A monk told me that if you don't keep advancing the practice of your faith, you'll have trouble. Maybe reading the Bible and going to church isn't enough for you anymore; maybe you need some new, different ways to feel and express your faith at deeper levels that will help dispel your confusion. Perhaps your church leader can give you some advice.


----------



## FadeToOne (Jan 27, 2011)

Ironpain said:


> I like so many people am utterly confused when it comes to God to understanding him and what he wants and why we should put our faith in the bible in his word with all the confusion we feel, I continue time and time again in my life to feel a strong pull toward God.
> 
> Every time I feel this pull to come to God and I fall upon my knees and tell God every bad deed I have done and I cry and I tell God how weak I am and ask him to forgive those who have hurt me and I tell God I repent and turn away from my dirty thoughts and sinful actions and I ask Jesus into my heart to be my Lord and Savior.
> 
> ...


Hey Ironpain,

For good or for bad, I believe that is the very point of faith.
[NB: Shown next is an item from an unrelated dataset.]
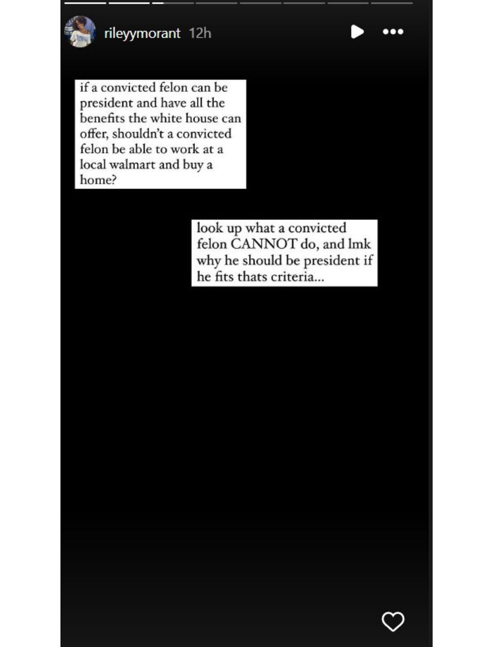 Memphis Grizzlies All-Star guard Ja Morant's sister Riley Morant lamented Donald Trump being elected back to the U.S. presidency following the elections on Tuesday. She made her frustration known by posting a scathing critique on social media on Wednesday.

To have doubts, and to have struggles, but to keep trying to matter how many times you fall. You fall, and you pray to God...but it doesn't end there. You fall again, and again, and again, but you also pray again, and again, and again. It's how life works. I don't believe faith is tested on whether or not you fail - everyone on earth fails - but by how often you keep picking yourself back up again.


----------



## leonardess (Jun 30, 2009)

hey there, I am not religious, but I was raised in the church, and I've thought about various beliefs, how we arrive at them, what faith means, and so on. 

Perhaps it might help to know that many struggle with their faith and their belief in their Lord. 

I think that as a species, one of the things we need most are boundaries. Your beliefs provide these. It is not that your faith is not strong enough, it is simply that you are human. Your beliefs are there to remind you, not to be superhuman, a la Jesus or any of that, but simply how to get back to a path. From what you say, this is exactly what you do. You would not be a thinking person with his own free will if you did not question. Every time you do, you make that choice - to return to the path. Isn't that a lot of what faith is all about? 

Try not to worry and cause yourself mental anguish. You are doing okay. 

Hope this helps a little.


----------



## Nikkoteeny (Aug 15, 2011)

Ironpain said:


> I like so many people am utterly confused when it comes to God to understanding him and what he wants and why we should put our faith in the bible in his word with all the confusion we feel, I continue time and time again in my life to feel a strong pull toward God.
> 
> Every time I feel this pull to come to God and I fall upon my knees and tell God every bad deed I have done and I cry and I tell God how weak I am and ask him to forgive those who have hurt me and I tell God I repent and turn away from my dirty thoughts and sinful actions and I ask Jesus into my heart to be my Lord and Savior.
> 
> ...


Do not despair, Ironpain. Even the Apostle Paul struggled with this problem. In Romans 7:15, he says (I'm paraphrasing), "The things I want to do, I don't do; the things I don't want to do, I keep doing." The problem is while God will change our hearts, those hearts are still encased in a flesh that is riddled with the corruption of sin. Sometimes our flesh wins out, and we do, as Paul says, the things we don't want to do and we feel separated from God.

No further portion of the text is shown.